SINGAPORE – A Singaporean doctor, who transferred US$11.55 million (S$15.23 million) to a bank account in Romania over two months to fund his online trading activities, sued various parties to get the money back after the account was frozen by local authorities for suspected money laundering.
In his suit filed in the Singapore High Court, Dr Christopher Chen Yun Hian accused six defendants of conspiring to defraud him by manipulating his trading activities and misleading him into investing huge sums of money on a bogus trading platform.
But, in a written decision last Thursday (Dec 31), Judicial Commissioner Mavis Chionh found that Dr Chen’s story about a conspiracy to defraud him was “cooked up in a desperate attempt to recoup his losses”.
She was giving detailed reasons for her decision in July last year to grant applications by three of the defendants to set aside the writ that had been served on them.
They contended that the Singapore court has no jurisdiction to hear Dr Chen’s claims against them.
The three are: BHNV Online, the Belize-based company that operated the Opteck trading platform; its founder and sole shareholder Ben Yitzhak Zur, an Israeli citizen; and Israeli businessman Gilad Tisona, the owner of a Belizean company that bought some of BHNV’s assets in 2015.
The judge agreed that Belize, not Singapore, was the proper forum for Dr Chen to pursue his claims. She pointed to the fact that the contract he signed provided for disputes to be adjudicated in the Central American country.
She rejected Dr Chen’s contention that his claims in the Belizean courts may be time-barred due to limitation periods set by law.
“He wilfully chose not to litigate in the contractually agreed forum… and instead gambled on the chance that the Singapore courts would overlook his forum-shopping and allow him to litigate here.
“That gamble has not paid off, and the plaintiff has only himself to blame if he ultimately winds up unable to pursue his claims,” said the judge.
Forum-shopping is a term that refers to litigants trying to have their case heard in the court that they believe would be most favourable to them.
Dr Chen, an obstetrician and gynaecologist, has appealed against the decision.
In his suit, he alleged that in August 2013, he clicked on an online advertisement and was directed to the Opteck website, which contained information on binary options trading.
Tempted by the prospect of high investment returns, he submitted an online application, e-signed the contract that was e-mailed to him and deposited US$5,000.
Dr Chen said he was contacted by a BHNV employee named Dean Taylor who acted as his “investment mentor” and educated him on binary options trading.
Dr Chen suffered losses of US$37,000 in September 2013.
Between Oct 10 and Dec 5, 2013, Dr Chen transferred five sums totalling US$11.55 million to BHNV’s bank account in Romania. He claimed he was convinced that Mr Taylor’s expertise could help him turn a profit.
The bank, after checking the source for the last two transfers totalling US$5.5 million, was not satisfied with the explanation and reported the transactions to the authorities.

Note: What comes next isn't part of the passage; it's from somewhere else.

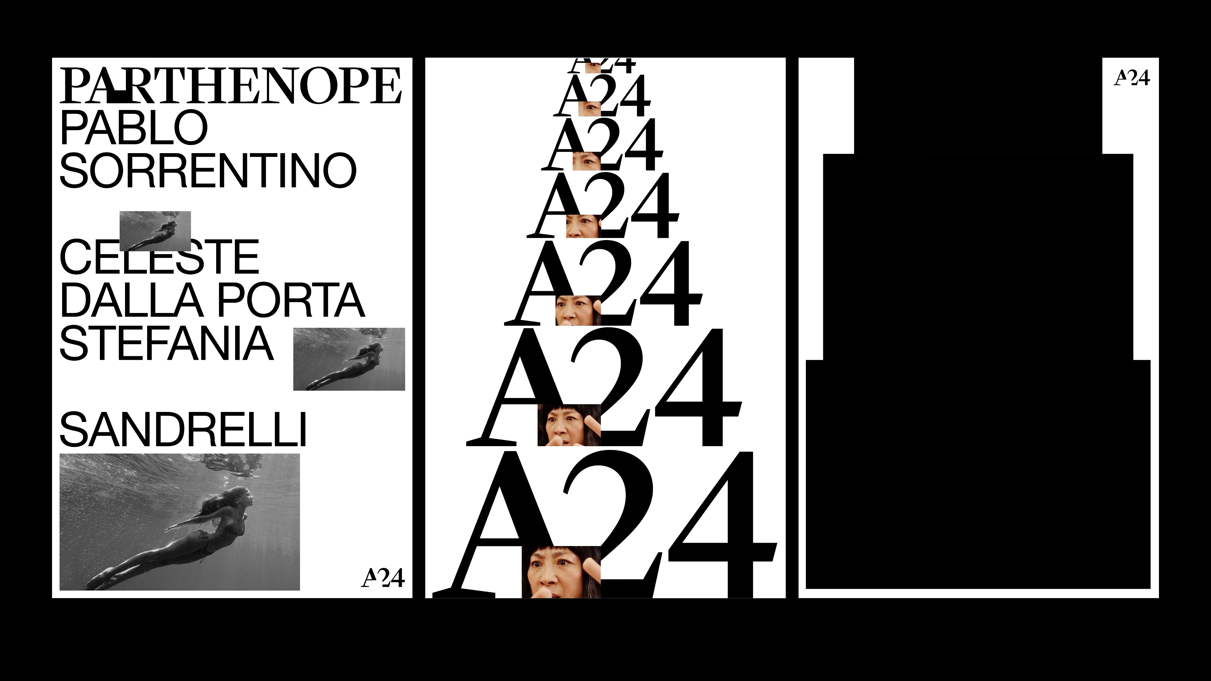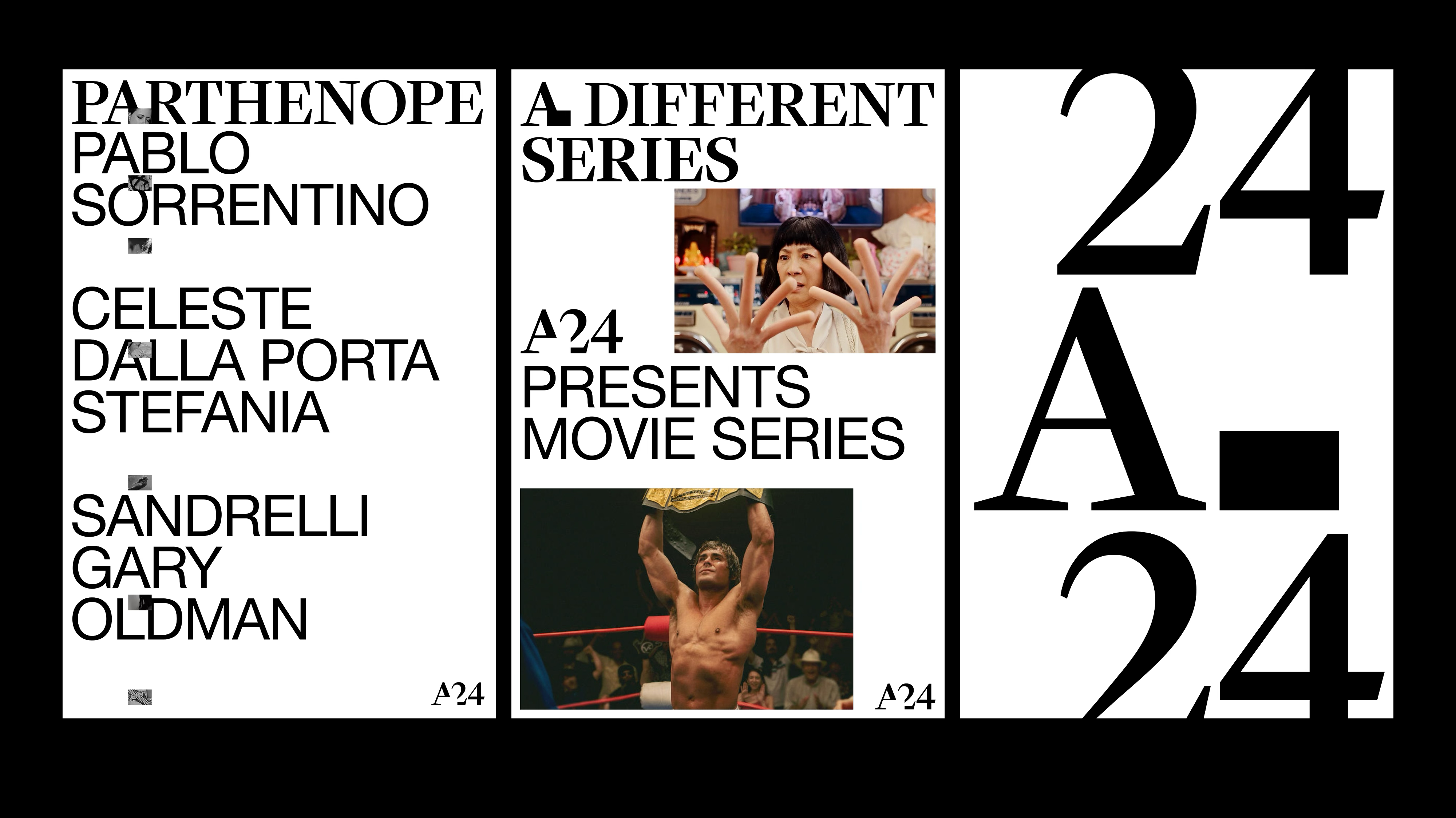 This is a self-initiated project for A24; an American independent entertainment company that specializes in stylish, distinctive, and unique indie movies. The identity system begins with a logo featuring a wordmark within a 16:9 square, reflecting the aspect ratio used in movies and TV. The identity communicates the dramatic and stylish essence of A24 through dynamic changes in typography scale, using squares as image containers, boxes, and various graphic elements.

After the money was frozen, Dr Chen filed multiple reports, to the Singapore police and the Romanian authorities, alleging that he was a victim of fraud.
In January 2017, Dr Chen sued BHNV, Mr Zur, Mr Taylor and two other employees. The three employees have yet to be served with the writ.
In April 2018, he added Mr Tisona as a defendant, which the judge found was an attempt by Dr Chen to “cast his net as widely as possible”.
The judge found that the evidence did not bear out Dr Chen’s allegations of fraud.
She noted that integral to the alleged conspiracy was Mr Taylor gaining his trust. Yet, Dr Chen suffered losses of more than US$12 million between September and December 2013.
“Any crook intent on defrauding him would surely have attempted to conceal these hefty losses from him,” she said.
She added that US$1.23 million left in his trading account was returned to him – conduct that was “atypical of conniving fraudsters”.